Azuloscurocasinegro le valió los primeros premios pero también le abrió las puertas a otros proyectos más ambiciosos. En 2007 Antonio Banderas lo elegía para ser uno de los protagonistas de El camino de los ingleses. Después vendrían papeles maravillosos como el de Los Girasoles Ciegos o Siete Mesas de Billar francés. Y trabajo codo con codo con los grandes cineastas españoles: Gracia Querejeta, José Luís Cuerda, Daniel Calparsoro y Pedro Almodóvar. Sí, sí, Pedro también cayó rendido a los pies de un Arévalo que junto con Javier Cámara y Carlos Areces configura un trio de azafatos “singulares” en la comedia Los amantes pasajeros.

El actor nacido en Móstoles ha interpretado también a un agente policial en el thriller La isla mínima. El mismo año estrenó la comedia Las ovejas no pierden el tren, película en la que hacía pareja con Inma Cuesta o Murieron por encima de sus posibilidades (2014), comedia en torno a la crisis económica. Más tarde participó en el thriller Cien años de perdón.
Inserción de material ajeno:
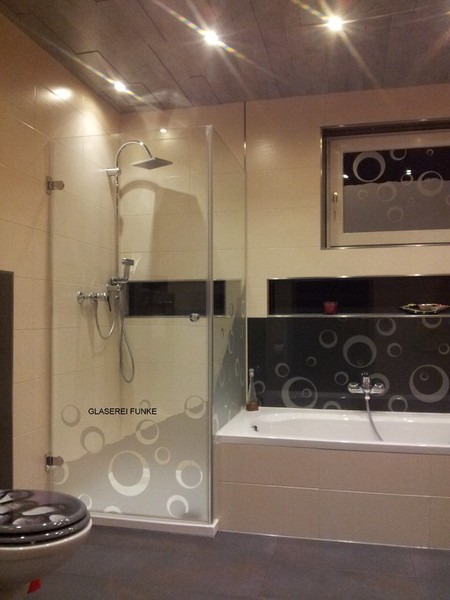 Glaswandverkleidung über Badewanne mit Dekor "Blase",
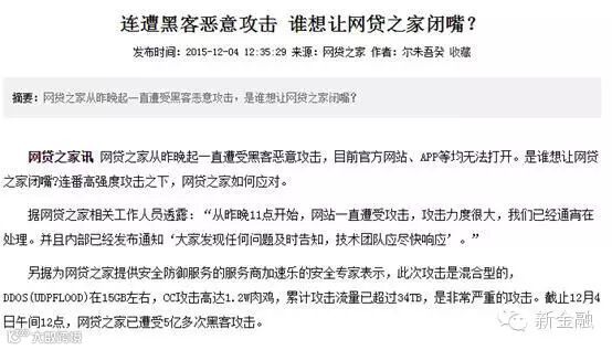 截至目前,网贷之家并未明确指出这次黑客攻击的源头,但网贷之家网站上已经有相关报道开始喊话:谁想让网贷之家闭嘴?
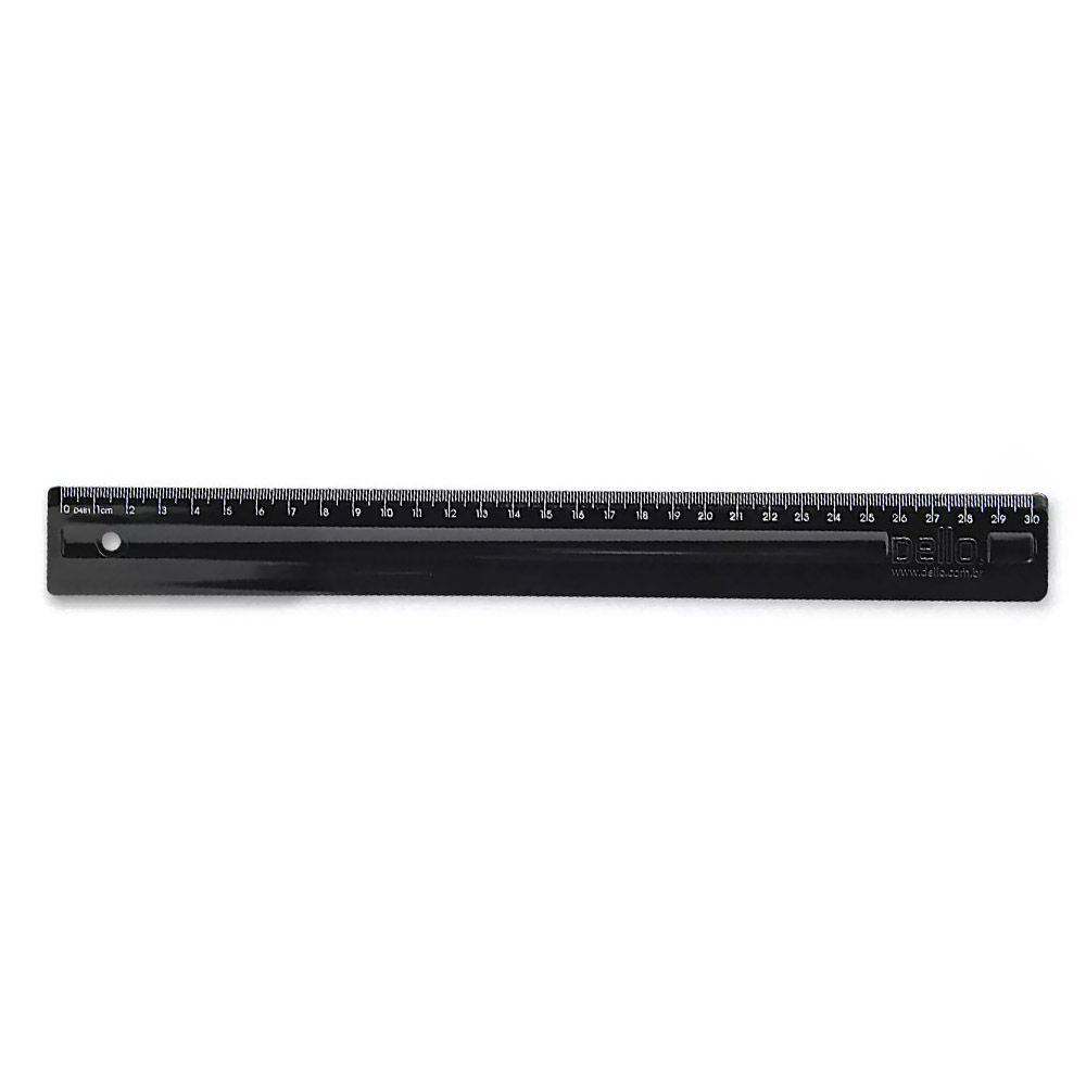 Régua de 30cm é injetada em poliestireno e sua resistência é garantida pela espessura de 3,4 mm. Além disso possui apoio central para os dedos o que permite mais firmeza de manuseio e precisão no traçado. Ótima para crianças que estão iniciando o aprendizado do traçado com régua e excelente para guiar leitura de textos.
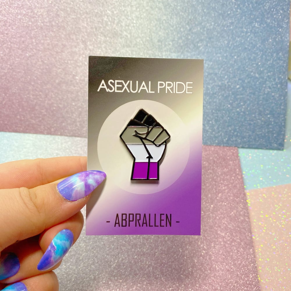 I designed this asexual Pride pin in 2019, following on from the love I received in regards to my Trans Pride pin and have since created a number of other LGBT pride flags in the same style. This pin measures 34mm and affixes to all suitable fabrics such as hats, jackets, shirts, and bags.
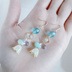イエロー色の可愛いすずらんビーズに小さめのビーズで揺れるスクエアフープやちょこんと合わせたぷっくり可愛いしずくビーズなどを合わせたお洒落なピアス/イヤリングとなっております☺ メインのお色は明るくてポップなイエローとライトブルー色の2色、ゴールド金具と合わせて爽やかで可愛い色合いでまとめました☆ イエローや明るめのブルー色などがお好きな方にはもちろんや揺れるタイプの作品やすずらんモチーフの作品がお好きな方にもおすすめの作品となっております☆ 爽やかでポップな色合いが耳元を更に明るく可愛く魅せてくれると思います☺ 2種類のぷっくり可愛いずくビーズのひとつは太陽の光によってパープルっぽいブルーにもライトブルーにも色が変わるアレキサンドライトを使用しました。 写真のしずくビーズの色合いは太陽が当たっている時に見えるパープルっぽいブルーで映っておりますが、蛍光灯の下などではライトブルーに見えますので色の変化なども合わせてお楽しみ頂けたらと思っています☺ アレルギー対応のピアスやイヤリングへの変更についてはご注文時にオプションよりご希望金具をお選び下さい。 ※こんな方におすすめ♪ *大切な方へのプレゼントに *フラワーモチーフやお星様など図形モチーフがお好きな方に *淡いパープル色がお好きな方に *可愛いデザインの作品がお好きな方に ☆すずらんのアクリルビーズ グラデーションイエロー 約8.5x10mm ☆しずく型チェコビーズ ミントミルク 9x6mm ☆しずく型チェコビーズ アレキサンドライト 9x6mm ☆ファイアポリッシュチェコビーズ アクアマリン 8mm ☆ファイアポリッシュチェコビーズ アクアマリン 4mm ☆ガラスビーズ グリーンオパールAB フラットコイン 4mm ☆スクエアフープ ゴールド ☆スペンサー ゴールド ☆9ピン ☆Tピン ☆丸カン ☆ピアス用金具(フック式☆ゴールド) 長さは約5.5cmとなっております。(約1cm程のピアス金具を含む)
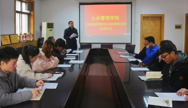 11月30日中午,388vip太阳集团于第二办公楼301室举行艾滋病防控知识普及专题会议。会议由公司党委副书记白玉祥主持,2017级、2018级各班班干部参加。
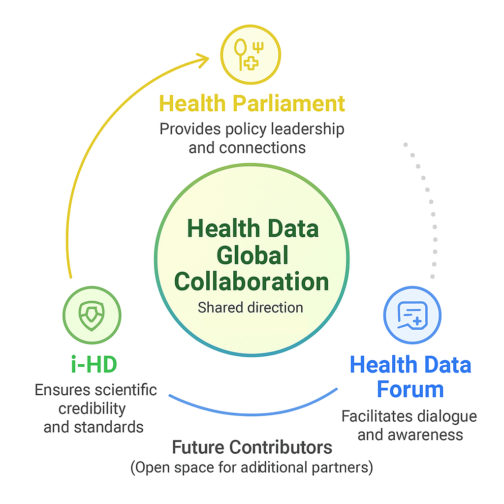 The Data First, AI Later movement is guided by a Collaborative Circle, in which three founding anchors — Health Parliament, i-HD, and Health Data Forum — bring complementary strengths. At the centre sits our Global Health Data Vision, a shared direction that evolves as new partners join the ecosystem. The circle remains open by design, inviting additional organisations to contribute expertise, perspectives, and leadership.
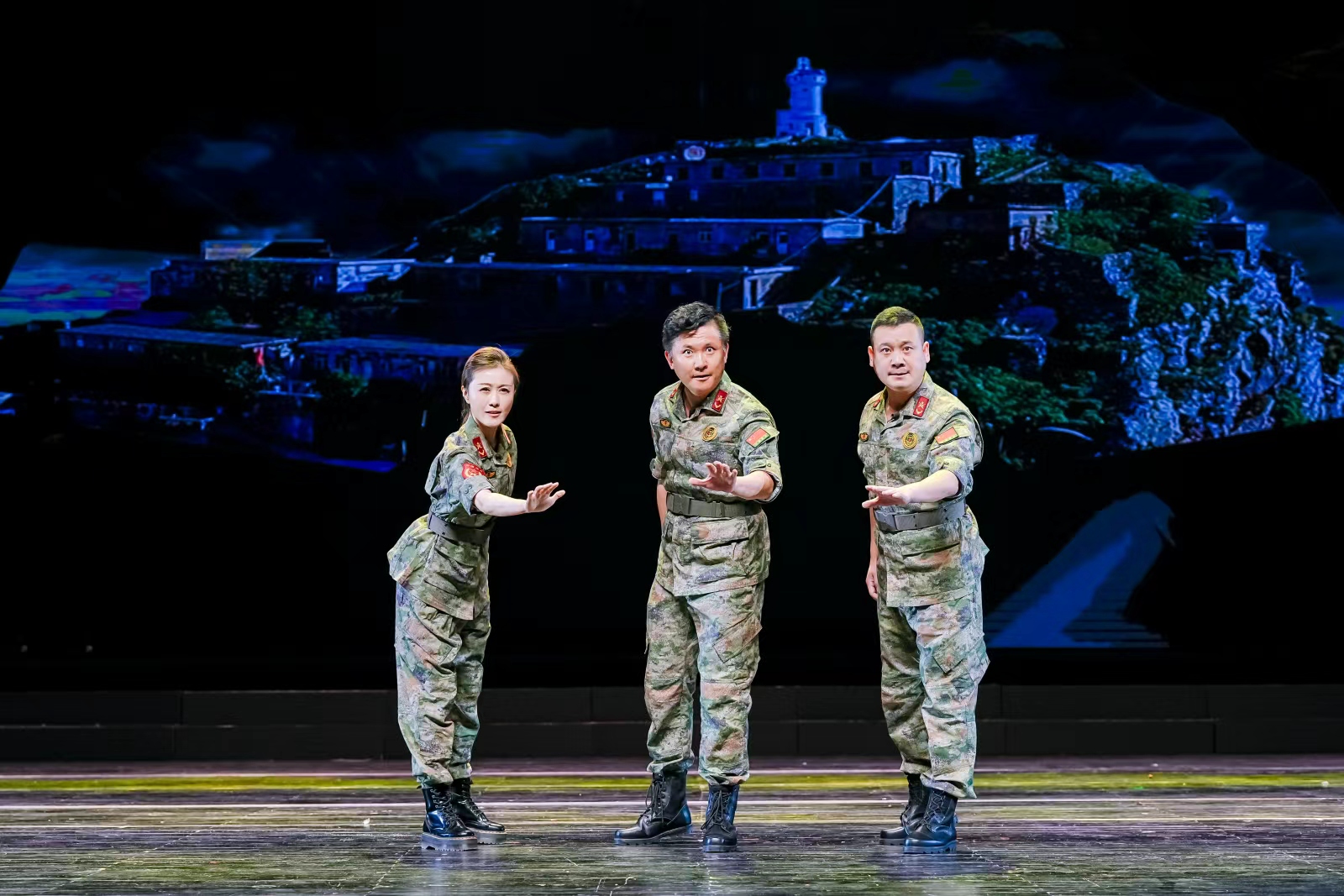 李贵华、胡枫两位编剧有着强烈的文化自觉,难能可贵的艺术创新精神,坚持以“小切口”,呈现大时代的现实主义创作导向,在发挥现实主义题材在情感共鸣与价值表达优势的基础上,注重在艺术形式创新上求突破,在舞台的感染力和表现力上动脑筋,在舞台的层次感、节奏的精准度上下功夫,以人物推动剧情,以剧情张力展演人物形象,把风雨中的开山岛真实存在过的人物立体化、生活化、形象化、艺术化,从而让英雄不再寂寞,让英雄主义催生奋进的力量,让英雄成长于时代的沃土之中。
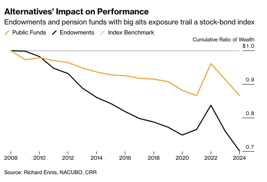 别迷信另类投资了!公开的二级市场就是最好的投资标的。数据现实,大举配置私募股权、对冲基金等另类投资的美国捐赠基金和公共养老基金,其长期投资表现一直逊于传统的“股债组合”指数基准,且差距近年来有不断扩大的趋势。
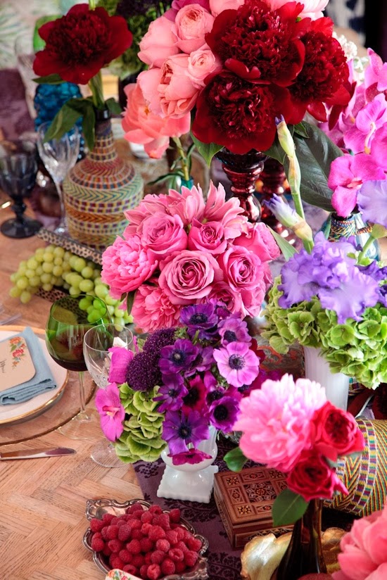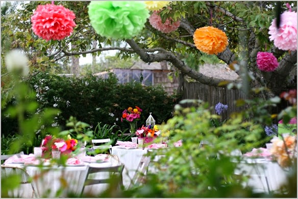 Naturaleza viva, estética romantica, manteles deflores distintos, sillas o hacientos distintos... Utiliza jaulas blancas, flores por todos los rincones y ponpones para dar color.
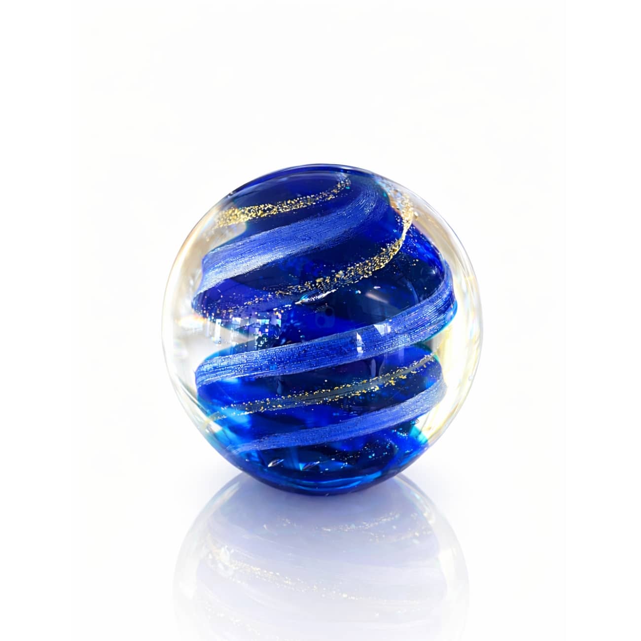 Au cœur de cette sphère se dévoile un scintillement envoûtant de vagues bleues aux reflets dorés.

Es en este mismo año que debuta como director de largometrajes con Tarde para la ira thriller protagonizado por Antonio de la Torre que le valió un Goya a la dirección novel y otro al mejor guión original. En 2017 tampoco ha parado de trabajar y le podemos ver en Oro de Agustín Díaz Yanes y en la ya comentada al inicio del post El aviso. Creo que tenemos Raúl Arévalo para rato y yo que me alegro!!!